→ **WHAT TO DO**
Ignoring every picture, return the lines of the listing below word for word, from the line that holds "strange world's end" through the line that holds "2.26m max to".

--- RECORD EXCERPTS ---

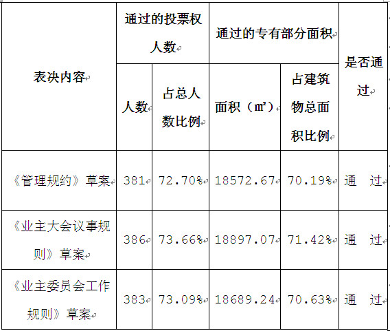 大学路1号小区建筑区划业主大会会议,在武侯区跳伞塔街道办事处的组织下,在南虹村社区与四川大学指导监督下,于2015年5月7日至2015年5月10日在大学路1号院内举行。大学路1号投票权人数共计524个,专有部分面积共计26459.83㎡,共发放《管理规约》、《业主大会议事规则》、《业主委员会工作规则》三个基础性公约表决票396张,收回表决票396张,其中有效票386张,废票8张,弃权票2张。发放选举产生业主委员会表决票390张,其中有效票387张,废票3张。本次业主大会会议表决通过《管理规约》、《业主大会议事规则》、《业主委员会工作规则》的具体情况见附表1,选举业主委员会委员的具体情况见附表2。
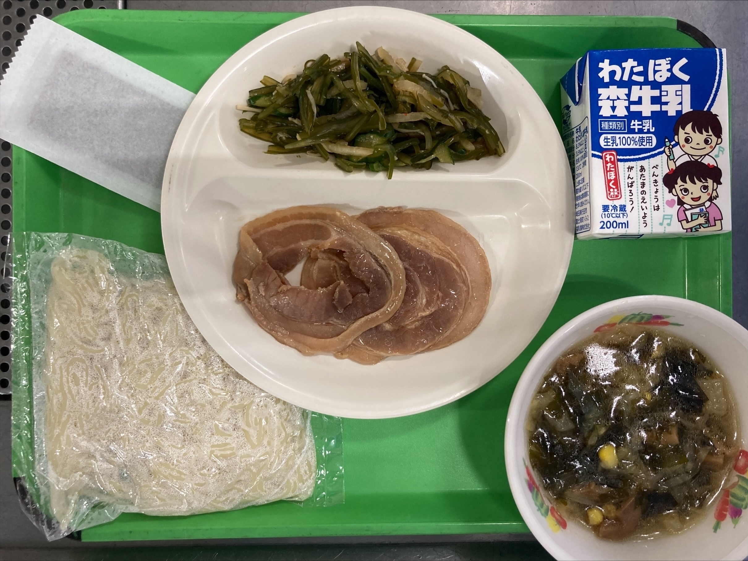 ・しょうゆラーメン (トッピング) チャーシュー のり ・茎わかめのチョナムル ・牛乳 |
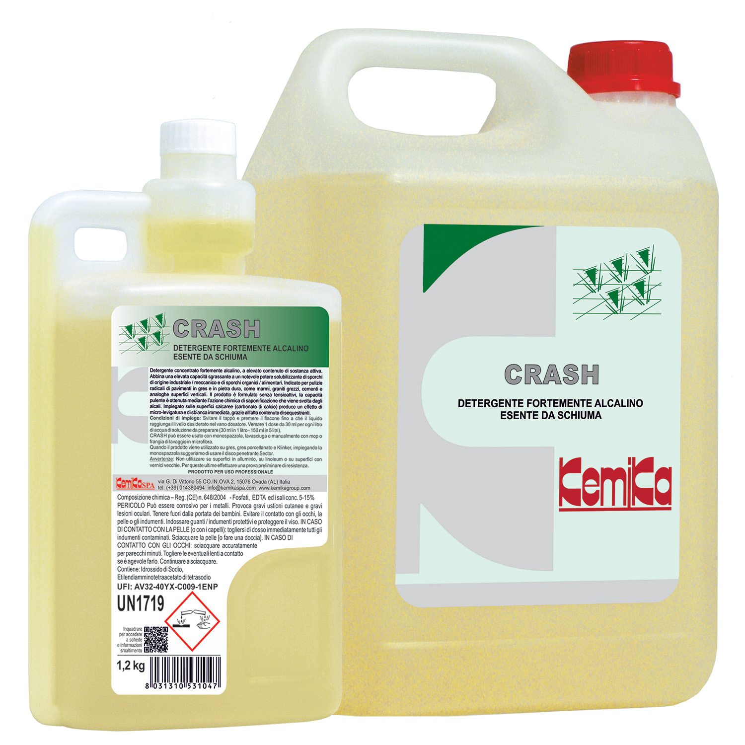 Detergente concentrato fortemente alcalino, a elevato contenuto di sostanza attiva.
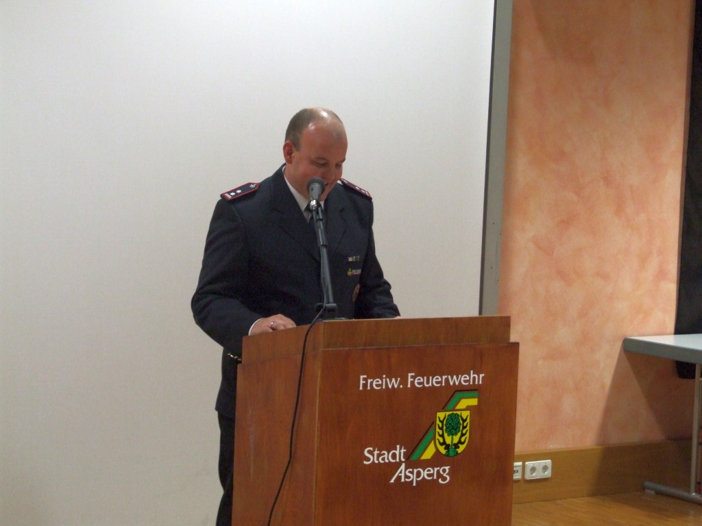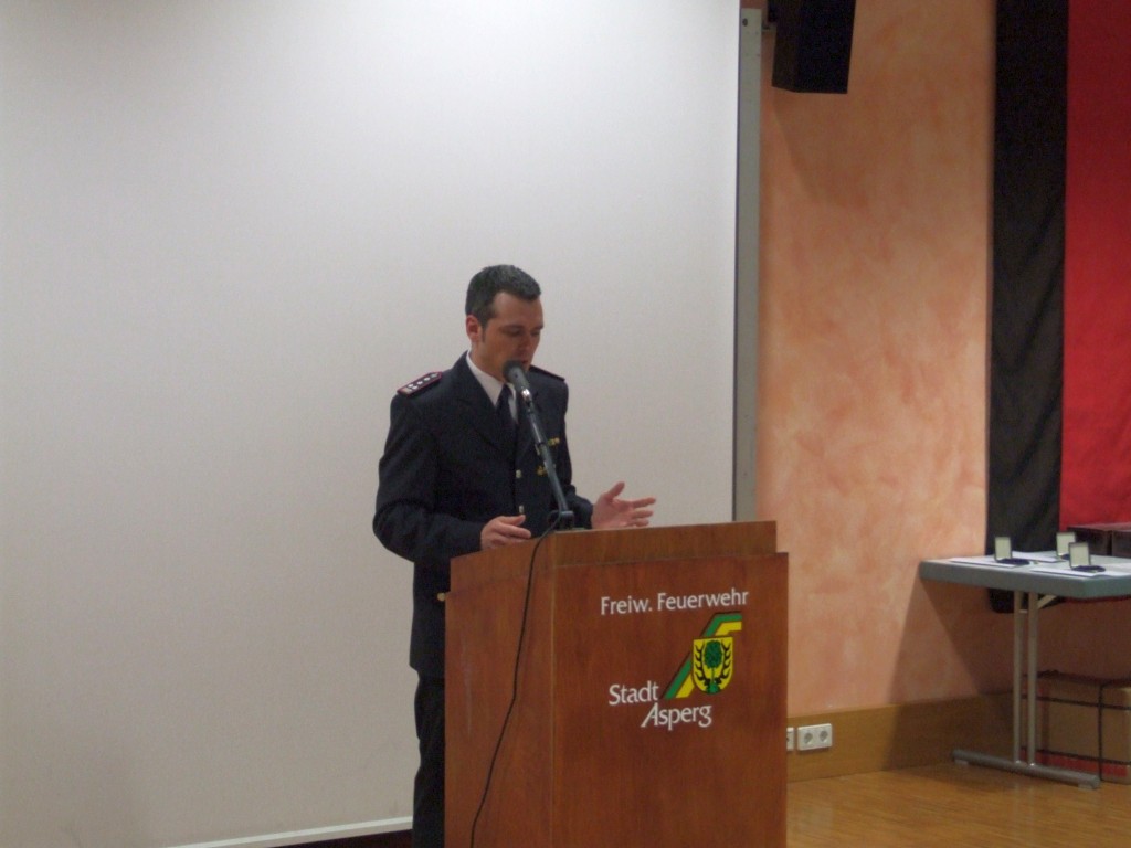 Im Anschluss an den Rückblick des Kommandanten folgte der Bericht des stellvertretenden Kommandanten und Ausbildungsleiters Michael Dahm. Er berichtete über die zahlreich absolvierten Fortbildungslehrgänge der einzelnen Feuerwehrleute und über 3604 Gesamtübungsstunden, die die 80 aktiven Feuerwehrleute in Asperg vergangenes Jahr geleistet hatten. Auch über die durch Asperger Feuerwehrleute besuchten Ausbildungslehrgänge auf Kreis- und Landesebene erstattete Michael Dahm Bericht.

---
--- RECORD EXCERPTS ---

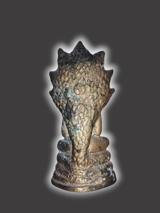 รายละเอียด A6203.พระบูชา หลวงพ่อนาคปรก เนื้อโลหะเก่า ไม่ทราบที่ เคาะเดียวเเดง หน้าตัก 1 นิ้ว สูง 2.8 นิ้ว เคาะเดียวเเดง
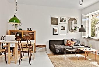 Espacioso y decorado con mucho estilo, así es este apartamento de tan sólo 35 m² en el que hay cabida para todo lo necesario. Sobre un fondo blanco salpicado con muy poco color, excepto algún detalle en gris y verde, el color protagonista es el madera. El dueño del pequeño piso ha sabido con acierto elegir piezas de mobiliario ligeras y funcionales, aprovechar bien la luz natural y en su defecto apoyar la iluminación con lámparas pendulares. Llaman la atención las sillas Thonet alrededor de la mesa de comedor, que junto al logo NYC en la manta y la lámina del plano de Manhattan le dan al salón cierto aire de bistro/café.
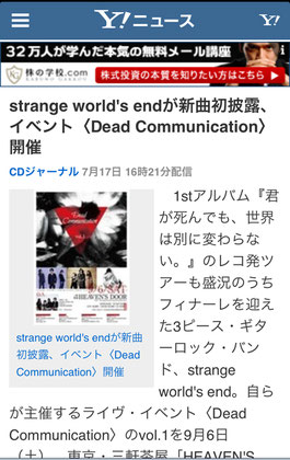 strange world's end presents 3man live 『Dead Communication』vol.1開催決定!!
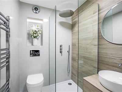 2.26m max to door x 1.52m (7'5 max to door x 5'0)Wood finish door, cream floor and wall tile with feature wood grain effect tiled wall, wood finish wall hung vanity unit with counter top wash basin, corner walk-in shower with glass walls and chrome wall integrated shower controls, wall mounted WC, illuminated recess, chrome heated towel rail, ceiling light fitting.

---
--- RECORD EXCERPTS ---

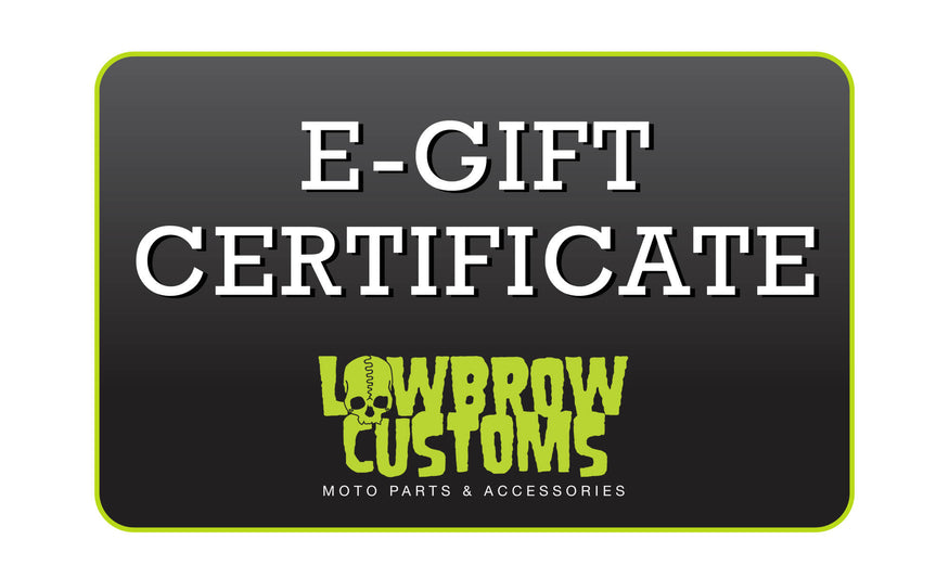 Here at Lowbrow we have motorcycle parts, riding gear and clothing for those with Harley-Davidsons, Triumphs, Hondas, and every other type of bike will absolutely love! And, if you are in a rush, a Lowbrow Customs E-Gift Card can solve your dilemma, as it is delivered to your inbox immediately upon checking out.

---

→ **OUTPUT FOR THIS EXERCISE**
 strange world's end presents 3man live 『Dead Communication』vol.1開催決定!!
 2.26m max to door x 1.52m (7'5 max to door x 5'0)Wood finish door, cream floor and wall tile with feature wood grain effect tiled wall, wood finish wall hung vanity unit with counter top wash basin, corner walk-in shower with glass walls and chrome wall integrated shower controls, wall mounted WC, illuminated recess, chrome heated towel rail, ceiling light fitting.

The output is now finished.